TASK DESCRIPTION: Copy, word for word, the lines below from the one containing "When I got home" up to and including the one containing "1、對舊水泥地面使用大型打磨", with pictures left out.

DATA IN THIS EXERCISE:
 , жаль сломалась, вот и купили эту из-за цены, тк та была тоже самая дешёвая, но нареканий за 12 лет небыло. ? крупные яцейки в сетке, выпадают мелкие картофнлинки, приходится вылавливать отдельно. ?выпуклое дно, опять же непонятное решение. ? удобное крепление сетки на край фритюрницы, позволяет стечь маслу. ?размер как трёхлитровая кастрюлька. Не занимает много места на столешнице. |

* * *

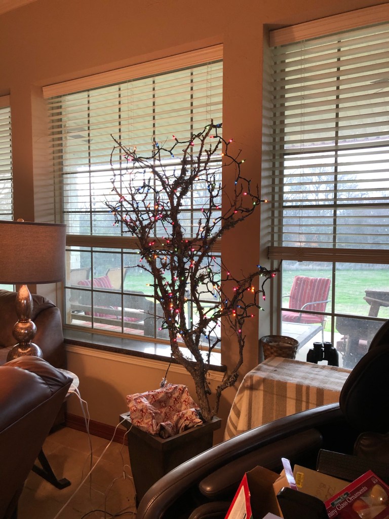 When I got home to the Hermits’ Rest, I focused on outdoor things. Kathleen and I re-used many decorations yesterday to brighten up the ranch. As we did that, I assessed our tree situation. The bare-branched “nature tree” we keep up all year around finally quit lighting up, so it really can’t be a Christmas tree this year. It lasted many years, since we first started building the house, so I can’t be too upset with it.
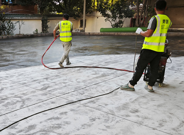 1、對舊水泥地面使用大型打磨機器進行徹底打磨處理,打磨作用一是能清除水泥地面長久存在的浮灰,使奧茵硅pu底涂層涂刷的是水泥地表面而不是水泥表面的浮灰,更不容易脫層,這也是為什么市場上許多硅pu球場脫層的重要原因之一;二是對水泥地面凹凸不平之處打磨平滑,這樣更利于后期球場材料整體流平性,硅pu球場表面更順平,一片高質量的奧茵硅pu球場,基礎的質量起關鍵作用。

---

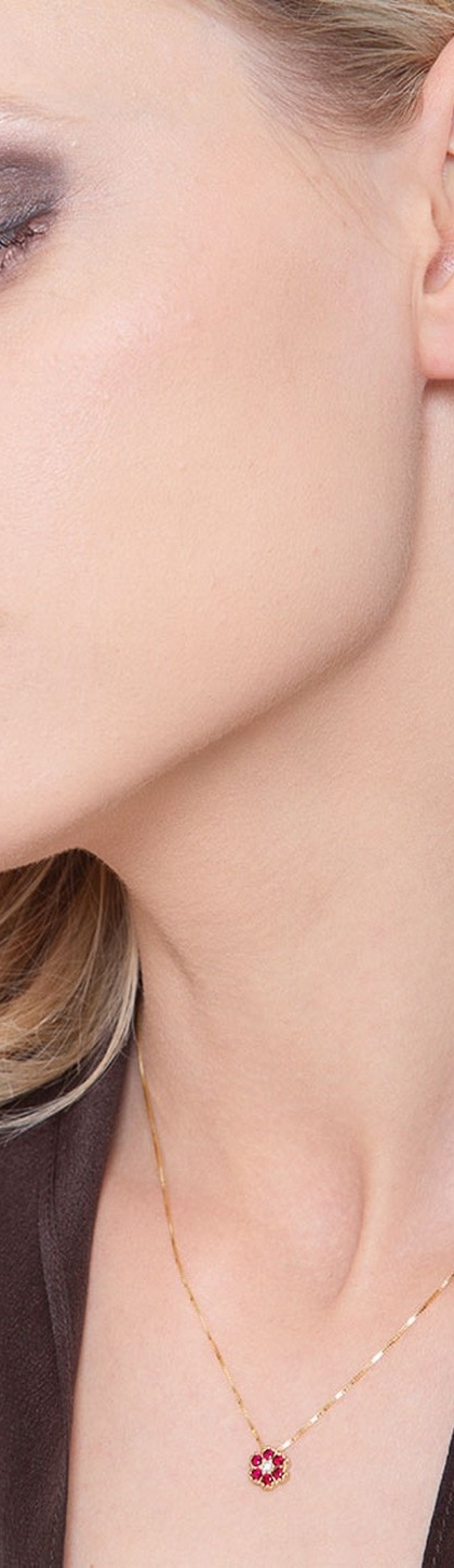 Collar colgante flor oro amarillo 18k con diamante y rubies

EXPECTED OUTPUT:
 When I got home to the Hermits’ Rest, I focused on outdoor things. Kathleen and I re-used many decorations yesterday to brighten up the ranch. As we did that, I assessed our tree situation. The bare-branched “nature tree” we keep up all year around finally quit lighting up, so it really can’t be a Christmas tree this year. It lasted many years, since we first started building the house, so I can’t be too upset with it.
 1、對舊水泥地面使用大型打磨機器進行徹底打磨處理,打磨作用一是能清除水泥地面長久存在的浮灰,使奧茵硅pu底涂層涂刷的是水泥地表面而不是水泥表面的浮灰,更不容易脫層,這也是為什么市場上許多硅pu球場脫層的重要原因之一;二是對水泥地面凹凸不平之處打磨平滑,這樣更利于后期球場材料整體流平性,硅pu球場表面更順平,一片高質量的奧茵硅pu球場,基礎的質量起關鍵作用。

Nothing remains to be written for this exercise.